──────── Supplied material ────────
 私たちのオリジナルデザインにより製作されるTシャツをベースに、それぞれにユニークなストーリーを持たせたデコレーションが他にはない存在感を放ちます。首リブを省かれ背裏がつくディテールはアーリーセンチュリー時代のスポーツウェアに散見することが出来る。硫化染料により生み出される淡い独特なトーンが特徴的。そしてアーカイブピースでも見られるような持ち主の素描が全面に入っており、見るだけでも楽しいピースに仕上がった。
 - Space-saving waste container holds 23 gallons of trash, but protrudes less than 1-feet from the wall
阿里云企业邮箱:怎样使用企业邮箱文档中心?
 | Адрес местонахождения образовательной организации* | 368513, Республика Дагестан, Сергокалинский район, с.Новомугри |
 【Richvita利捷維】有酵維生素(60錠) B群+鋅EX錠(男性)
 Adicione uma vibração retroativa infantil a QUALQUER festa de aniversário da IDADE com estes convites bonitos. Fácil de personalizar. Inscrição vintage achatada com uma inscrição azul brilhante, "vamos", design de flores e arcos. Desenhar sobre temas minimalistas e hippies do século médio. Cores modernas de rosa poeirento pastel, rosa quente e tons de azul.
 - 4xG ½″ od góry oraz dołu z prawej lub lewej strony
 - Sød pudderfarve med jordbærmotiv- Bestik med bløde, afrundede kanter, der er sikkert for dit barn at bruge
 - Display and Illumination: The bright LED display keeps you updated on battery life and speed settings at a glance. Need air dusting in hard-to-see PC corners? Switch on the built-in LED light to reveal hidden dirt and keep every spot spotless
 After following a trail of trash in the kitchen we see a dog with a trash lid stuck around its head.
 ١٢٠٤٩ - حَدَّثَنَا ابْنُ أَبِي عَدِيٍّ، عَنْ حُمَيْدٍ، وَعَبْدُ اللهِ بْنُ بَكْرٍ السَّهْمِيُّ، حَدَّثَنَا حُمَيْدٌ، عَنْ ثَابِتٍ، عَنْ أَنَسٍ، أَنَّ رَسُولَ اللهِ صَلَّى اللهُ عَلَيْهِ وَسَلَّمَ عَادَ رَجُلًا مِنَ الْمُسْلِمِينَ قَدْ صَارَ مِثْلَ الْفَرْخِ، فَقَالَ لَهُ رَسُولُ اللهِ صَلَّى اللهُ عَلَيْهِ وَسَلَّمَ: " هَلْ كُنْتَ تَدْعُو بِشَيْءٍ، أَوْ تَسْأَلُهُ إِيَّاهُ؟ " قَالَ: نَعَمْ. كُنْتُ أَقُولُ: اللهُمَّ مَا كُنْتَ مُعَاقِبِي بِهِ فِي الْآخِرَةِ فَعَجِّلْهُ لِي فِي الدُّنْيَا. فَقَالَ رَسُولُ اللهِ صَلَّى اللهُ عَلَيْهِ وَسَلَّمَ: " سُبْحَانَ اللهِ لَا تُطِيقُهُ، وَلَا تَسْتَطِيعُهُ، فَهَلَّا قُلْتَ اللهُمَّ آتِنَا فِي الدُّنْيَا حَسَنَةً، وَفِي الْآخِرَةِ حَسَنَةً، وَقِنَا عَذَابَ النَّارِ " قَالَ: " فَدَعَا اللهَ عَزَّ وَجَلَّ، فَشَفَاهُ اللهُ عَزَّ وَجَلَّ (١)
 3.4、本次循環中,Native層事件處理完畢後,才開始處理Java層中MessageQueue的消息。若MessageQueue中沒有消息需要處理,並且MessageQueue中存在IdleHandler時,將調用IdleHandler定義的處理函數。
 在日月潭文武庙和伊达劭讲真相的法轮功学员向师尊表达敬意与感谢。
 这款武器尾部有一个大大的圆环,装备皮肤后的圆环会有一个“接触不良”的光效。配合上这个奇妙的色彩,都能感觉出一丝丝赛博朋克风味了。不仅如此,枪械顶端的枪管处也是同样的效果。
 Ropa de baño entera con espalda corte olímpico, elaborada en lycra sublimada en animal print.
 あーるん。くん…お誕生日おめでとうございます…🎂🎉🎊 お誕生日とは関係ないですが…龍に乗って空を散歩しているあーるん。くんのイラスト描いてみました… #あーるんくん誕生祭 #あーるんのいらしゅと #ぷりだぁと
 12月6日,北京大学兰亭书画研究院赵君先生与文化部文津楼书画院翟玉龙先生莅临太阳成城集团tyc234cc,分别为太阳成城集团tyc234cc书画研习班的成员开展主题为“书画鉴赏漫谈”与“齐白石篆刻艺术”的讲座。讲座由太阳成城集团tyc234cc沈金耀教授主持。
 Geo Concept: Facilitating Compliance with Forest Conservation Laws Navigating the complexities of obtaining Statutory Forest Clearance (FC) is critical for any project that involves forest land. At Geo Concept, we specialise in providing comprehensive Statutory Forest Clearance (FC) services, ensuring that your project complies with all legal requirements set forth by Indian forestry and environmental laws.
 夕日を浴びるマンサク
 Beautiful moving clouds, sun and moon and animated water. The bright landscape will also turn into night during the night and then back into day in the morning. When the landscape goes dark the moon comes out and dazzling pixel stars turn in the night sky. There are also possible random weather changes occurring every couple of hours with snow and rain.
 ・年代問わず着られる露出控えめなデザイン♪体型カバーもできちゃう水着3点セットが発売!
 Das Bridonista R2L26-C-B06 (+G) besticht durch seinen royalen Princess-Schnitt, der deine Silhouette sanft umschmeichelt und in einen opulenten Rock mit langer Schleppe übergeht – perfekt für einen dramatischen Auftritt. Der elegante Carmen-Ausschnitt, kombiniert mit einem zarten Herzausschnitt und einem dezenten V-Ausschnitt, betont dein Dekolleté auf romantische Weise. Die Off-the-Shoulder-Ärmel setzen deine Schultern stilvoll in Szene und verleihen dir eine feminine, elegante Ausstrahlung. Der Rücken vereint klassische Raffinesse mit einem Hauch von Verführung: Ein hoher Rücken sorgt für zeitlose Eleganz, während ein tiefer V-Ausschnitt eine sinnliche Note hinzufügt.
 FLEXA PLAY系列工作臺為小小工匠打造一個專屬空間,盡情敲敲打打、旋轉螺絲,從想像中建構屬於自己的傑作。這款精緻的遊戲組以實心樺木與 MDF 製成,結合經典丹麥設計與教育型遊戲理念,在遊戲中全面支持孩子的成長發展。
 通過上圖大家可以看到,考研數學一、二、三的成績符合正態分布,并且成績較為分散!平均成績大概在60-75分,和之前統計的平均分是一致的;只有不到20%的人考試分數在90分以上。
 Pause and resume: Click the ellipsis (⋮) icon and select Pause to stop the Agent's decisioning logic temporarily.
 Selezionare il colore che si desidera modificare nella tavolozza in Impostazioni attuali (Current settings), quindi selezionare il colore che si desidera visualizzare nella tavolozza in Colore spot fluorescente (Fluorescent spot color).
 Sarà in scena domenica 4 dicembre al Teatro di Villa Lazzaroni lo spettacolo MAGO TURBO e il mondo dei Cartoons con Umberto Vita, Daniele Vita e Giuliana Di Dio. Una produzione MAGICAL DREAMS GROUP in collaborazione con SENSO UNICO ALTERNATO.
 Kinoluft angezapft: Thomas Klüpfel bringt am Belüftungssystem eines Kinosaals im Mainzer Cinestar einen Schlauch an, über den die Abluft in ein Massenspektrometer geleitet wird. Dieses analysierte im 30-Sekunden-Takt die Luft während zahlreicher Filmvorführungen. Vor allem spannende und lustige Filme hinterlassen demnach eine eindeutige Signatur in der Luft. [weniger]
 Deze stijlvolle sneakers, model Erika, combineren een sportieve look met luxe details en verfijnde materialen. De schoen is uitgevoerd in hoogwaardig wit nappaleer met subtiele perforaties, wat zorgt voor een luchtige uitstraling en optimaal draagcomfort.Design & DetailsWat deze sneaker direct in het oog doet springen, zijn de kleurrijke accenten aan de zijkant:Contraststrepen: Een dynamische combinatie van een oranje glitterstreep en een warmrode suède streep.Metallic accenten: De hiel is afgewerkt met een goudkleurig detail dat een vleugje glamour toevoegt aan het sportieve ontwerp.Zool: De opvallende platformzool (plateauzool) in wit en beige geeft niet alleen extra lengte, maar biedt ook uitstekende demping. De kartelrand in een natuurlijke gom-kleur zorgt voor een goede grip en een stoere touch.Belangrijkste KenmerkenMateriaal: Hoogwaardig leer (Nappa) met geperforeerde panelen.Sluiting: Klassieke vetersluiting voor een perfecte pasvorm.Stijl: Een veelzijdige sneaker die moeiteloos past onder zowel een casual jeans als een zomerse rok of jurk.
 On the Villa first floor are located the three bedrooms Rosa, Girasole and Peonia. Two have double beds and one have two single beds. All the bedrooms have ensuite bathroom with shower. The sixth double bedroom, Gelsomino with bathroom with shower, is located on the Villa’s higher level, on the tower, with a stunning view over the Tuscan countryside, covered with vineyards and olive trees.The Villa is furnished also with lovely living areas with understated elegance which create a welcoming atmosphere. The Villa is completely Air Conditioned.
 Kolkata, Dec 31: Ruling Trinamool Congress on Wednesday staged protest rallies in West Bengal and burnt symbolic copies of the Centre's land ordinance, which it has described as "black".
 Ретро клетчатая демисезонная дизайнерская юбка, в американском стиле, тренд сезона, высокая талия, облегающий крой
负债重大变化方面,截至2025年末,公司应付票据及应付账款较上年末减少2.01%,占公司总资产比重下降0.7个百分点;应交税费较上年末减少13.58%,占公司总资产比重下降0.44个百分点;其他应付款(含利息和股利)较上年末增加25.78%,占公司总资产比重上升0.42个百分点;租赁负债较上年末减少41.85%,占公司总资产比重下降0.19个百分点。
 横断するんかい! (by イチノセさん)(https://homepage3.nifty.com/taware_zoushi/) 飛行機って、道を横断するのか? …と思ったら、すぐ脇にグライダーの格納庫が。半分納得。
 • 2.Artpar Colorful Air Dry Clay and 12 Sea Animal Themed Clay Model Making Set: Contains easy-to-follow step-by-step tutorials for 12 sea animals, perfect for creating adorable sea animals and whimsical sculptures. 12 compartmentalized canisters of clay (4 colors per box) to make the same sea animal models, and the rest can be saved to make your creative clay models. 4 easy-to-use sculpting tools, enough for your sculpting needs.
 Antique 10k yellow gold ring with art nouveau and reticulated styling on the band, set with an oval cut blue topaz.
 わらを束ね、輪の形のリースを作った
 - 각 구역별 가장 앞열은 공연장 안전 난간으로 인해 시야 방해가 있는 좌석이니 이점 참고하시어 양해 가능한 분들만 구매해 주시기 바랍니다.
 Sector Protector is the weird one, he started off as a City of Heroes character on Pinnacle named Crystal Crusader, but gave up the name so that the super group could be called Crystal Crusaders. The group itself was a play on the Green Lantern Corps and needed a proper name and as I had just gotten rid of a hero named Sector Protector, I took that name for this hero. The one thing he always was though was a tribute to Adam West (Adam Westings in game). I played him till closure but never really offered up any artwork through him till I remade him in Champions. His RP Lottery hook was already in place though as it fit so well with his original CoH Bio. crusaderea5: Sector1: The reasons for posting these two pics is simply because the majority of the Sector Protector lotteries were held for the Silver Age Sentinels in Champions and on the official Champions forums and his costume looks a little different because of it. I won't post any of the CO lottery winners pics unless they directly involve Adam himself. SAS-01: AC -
────────
Reprint exactly the lines above that start at the one with "#あーるんくん誕生祭 #あーるんのいらしゅと #ぷりだぁと" and end at the one with "Pause and resume: Click", keeping both and adding none.

 あーるん。くん…お誕生日おめでとうございます…🎂🎉🎊 お誕生日とは関係ないですが…龍に乗って空を散歩しているあーるん。くんのイラスト描いてみました… #あーるんくん誕生祭 #あーるんのいらしゅと #ぷりだぁと
 12月6日,北京大学兰亭书画研究院赵君先生与文化部文津楼书画院翟玉龙先生莅临太阳成城集团tyc234cc,分别为太阳成城集团tyc234cc书画研习班的成员开展主题为“书画鉴赏漫谈”与“齐白石篆刻艺术”的讲座。讲座由太阳成城集团tyc234cc沈金耀教授主持。
 Geo Concept: Facilitating Compliance with Forest Conservation Laws Navigating the complexities of obtaining Statutory Forest Clearance (FC) is critical for any project that involves forest land. At Geo Concept, we specialise in providing comprehensive Statutory Forest Clearance (FC) services, ensuring that your project complies with all legal requirements set forth by Indian forestry and environmental laws.
 夕日を浴びるマンサク
 Beautiful moving clouds, sun and moon and animated water. The bright landscape will also turn into night during the night and then back into day in the morning. When the landscape goes dark the moon comes out and dazzling pixel stars turn in the night sky. There are also possible random weather changes occurring every couple of hours with snow and rain.
 ・年代問わず着られる露出控えめなデザイン♪体型カバーもできちゃう水着3点セットが発売!
 Das Bridonista R2L26-C-B06 (+G) besticht durch seinen royalen Princess-Schnitt, der deine Silhouette sanft umschmeichelt und in einen opulenten Rock mit langer Schleppe übergeht – perfekt für einen dramatischen Auftritt. Der elegante Carmen-Ausschnitt, kombiniert mit einem zarten Herzausschnitt und einem dezenten V-Ausschnitt, betont dein Dekolleté auf romantische Weise. Die Off-the-Shoulder-Ärmel setzen deine Schultern stilvoll in Szene und verleihen dir eine feminine, elegante Ausstrahlung. Der Rücken vereint klassische Raffinesse mit einem Hauch von Verführung: Ein hoher Rücken sorgt für zeitlose Eleganz, während ein tiefer V-Ausschnitt eine sinnliche Note hinzufügt.
 FLEXA PLAY系列工作臺為小小工匠打造一個專屬空間,盡情敲敲打打、旋轉螺絲,從想像中建構屬於自己的傑作。這款精緻的遊戲組以實心樺木與 MDF 製成,結合經典丹麥設計與教育型遊戲理念,在遊戲中全面支持孩子的成長發展。
 通過上圖大家可以看到,考研數學一、二、三的成績符合正態分布,并且成績較為分散!平均成績大概在60-75分,和之前統計的平均分是一致的;只有不到20%的人考試分數在90分以上。
 Pause and resume: Click the ellipsis (⋮) icon and select Pause to stop the Agent's decisioning logic temporarily.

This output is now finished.